Reputation: 4941
Subset a dataframe with non-existing column names
I have this line of code in R :
newDF <-oldDF[subsettingColumns]
subsettingColumns has a few column names that may or may not exist in oldDF. If it doesn't exist, I want a column inserted in newDF at same location with NA's. How do I get this to work in R?
Upvotes: 3
Views: 441
Answers (5)
Reputation: 609
Recently, I was burned by data.table::rbindlist() screwing with my data, so while developing my own solution (preparing individual tables with different columns for merging), I found this question and answers.
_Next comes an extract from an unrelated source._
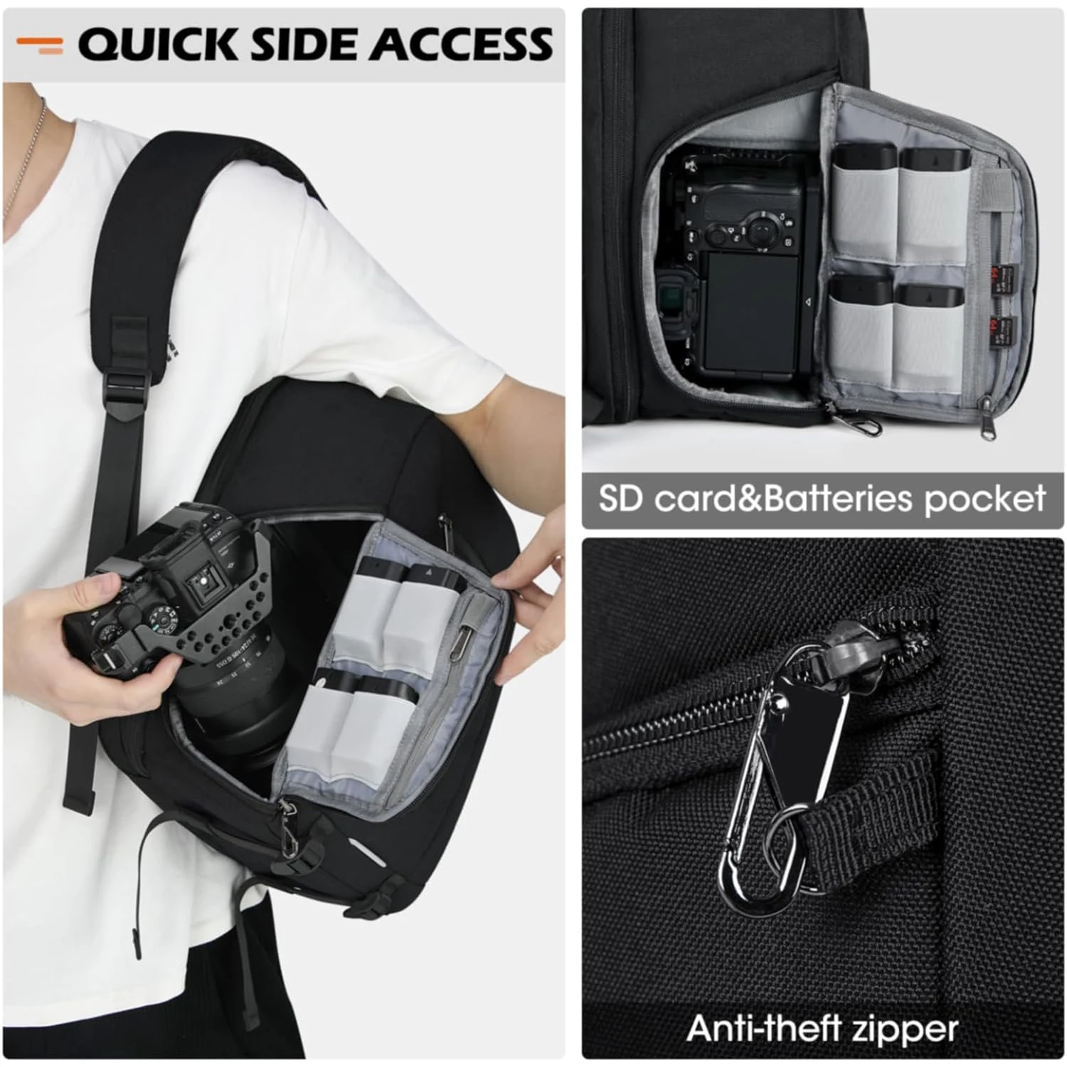 2. The camera bag backpack is padded with thicker foam to better protect camera and computer equipment from accidental impacts. Anti-theft zippers on the side keep camera equipment and other valuables safe while on the go.

So let's do benchmarking!
First, I collected and reformatted solutions into nice portable functions.
# @lmo
subset_missing1 = function(x, select){
y = lapply(select, \(y) if(y %in% names(x)) x[[y]] else NA)
data.frame(y) |> setNames(select)
}
# by @Andre Elrico
subset_missing2 = function(x, select){
missing = setdiff(select, names(x))
temp = lapply(missing, \(y){df = data.frame(NA) |> setNames(y)})
temp = Reduce(cbind, c(list(x), temp))
temp[select]
}
# by @Santosh M.
subset_missing3 = function(x, select){
add_columns = function(y, cols){
cols = setdiff(cols, names(y))
y[cols] = NA
y
}
y = add_columns(x, select)
y[select]
}
# by @Ronak Shah
subset_missing4 = function(x, select){
y = x[intersect(select, names(x))]
y[setdiff(select, names(x))] = NA
y[select]
}
Now, some data. Lets use Iris and some random column.
select = c(names(iris), letters[1:5]) |> sample()
The sample here is important to test that all solutions give you data in the correct order.
microbenchmark::microbenchmark(
subset_missing1(iris, select),
subset_missing2(iris, select),
subset_missing3(iris, select),
subset_missing4(iris, select)
)
# Unit: microseconds
# expr min lq mean median uq
# subset_missing1(iris, select) 475.550 494.2320 508.67725 506.5595 518.1525
# subset_missing2(iris, select) 494.336 517.9085 532.92533 529.9205 545.6695
# subset_missing3(iris, select) 76.336 82.9365 88.24799 88.7685 93.1335
# subset_missing4(iris, select) 89.816 95.9970 106.16170 107.1715 111.8510
Looks like subset_missing3 and subset_missing4 are fastest.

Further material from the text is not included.